AUD firms after Q2 CPI was stronger than expected
The Australian dollar (AUD) rose by 50 pips to 0.7565 after Australia’s inflation in the second quarter was stronger than expected. The RBA’s preferred measure of inflation held steady at 1.7%yoy versus market expectations of 1.5%. The main contributor to the rise is medical and hospital services. Non-tradable inflation rose 1.6% yoy, the third consecutive quarter of decline which is the lowest level since the second quarter of 1999. Tradable inflation recorded no movement at 0% over the last twelve months.
FX-Flash-Q2-CPI-not-a-game-changer-27-July-2016.pdf (72 KB)

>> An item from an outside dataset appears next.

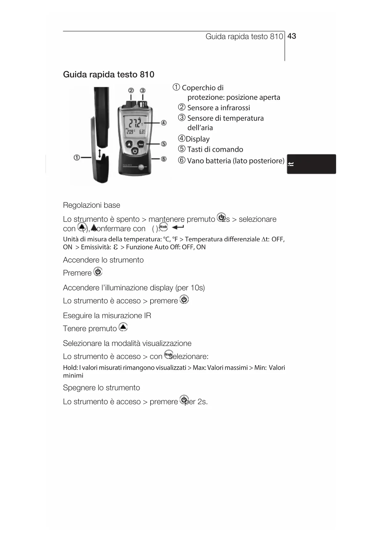 Guida rapida testo 810 À Coperchio di protezione: posizione aperta Á Sensore a infrarossi  Sensore di temperatura dell’aria à Display Ä Tasti di comando Å Vano batteria (lato posteriore) Regolazioni base Lo strumento è spento > mantenere premuto 2s > selezionare con ( ), confermare con ( ): Unità di misura della temperatura: °C, °F > Temperatura differenziale Dt: OFF, ON > Emissività: e > Funzione Auto Off: OFF, ON Accendere lo strumento Premere . Accendere l’illuminazione display (per 10s) Lo strumento è acceso > premere . Eseguire la misurazione IR Tenere premuto . Selezionare la modalità visualizzazione Lo strumento è acceso > con selezionare: Hold: I valori misurati rimangono visualizzati > Max: Valori massimi > Min: Valori minimi Spegnere lo strumento Lo strumento è acceso > premere per 2s.

Further RBA easing in August still likely
We maintain our view that the Reserve Bank of Australia (RBA) is likely to cut the Official Cash Rate by 25bp to 1.5% at the next monetary policy meeting on 2 August. Despite the recent decline in the AUD, it remains 2% stronger against currencies of Australia’s main trading partners since the RBA’s last monetary policy meeting on 7 June. The strength in the AUD TWI, if sustained, is likely to push tradable inflation lower and weigh on service exports, which is highly sensitive to movements in the exchange rate. Slower house price gains and subdued wage growth are also likely to weigh on non-tradable inflation. As financial markets are pricing in only about 50% probability (down from 60% before the CPI numbers) that the RBA will ease next month, a weaker AUD is likely as speculative long AUD positions are liquidated. The AUD has failed to close above 0.7650 since late June. We favour fading any recovery in the AUD for downside target of around 0.72 in the coming months.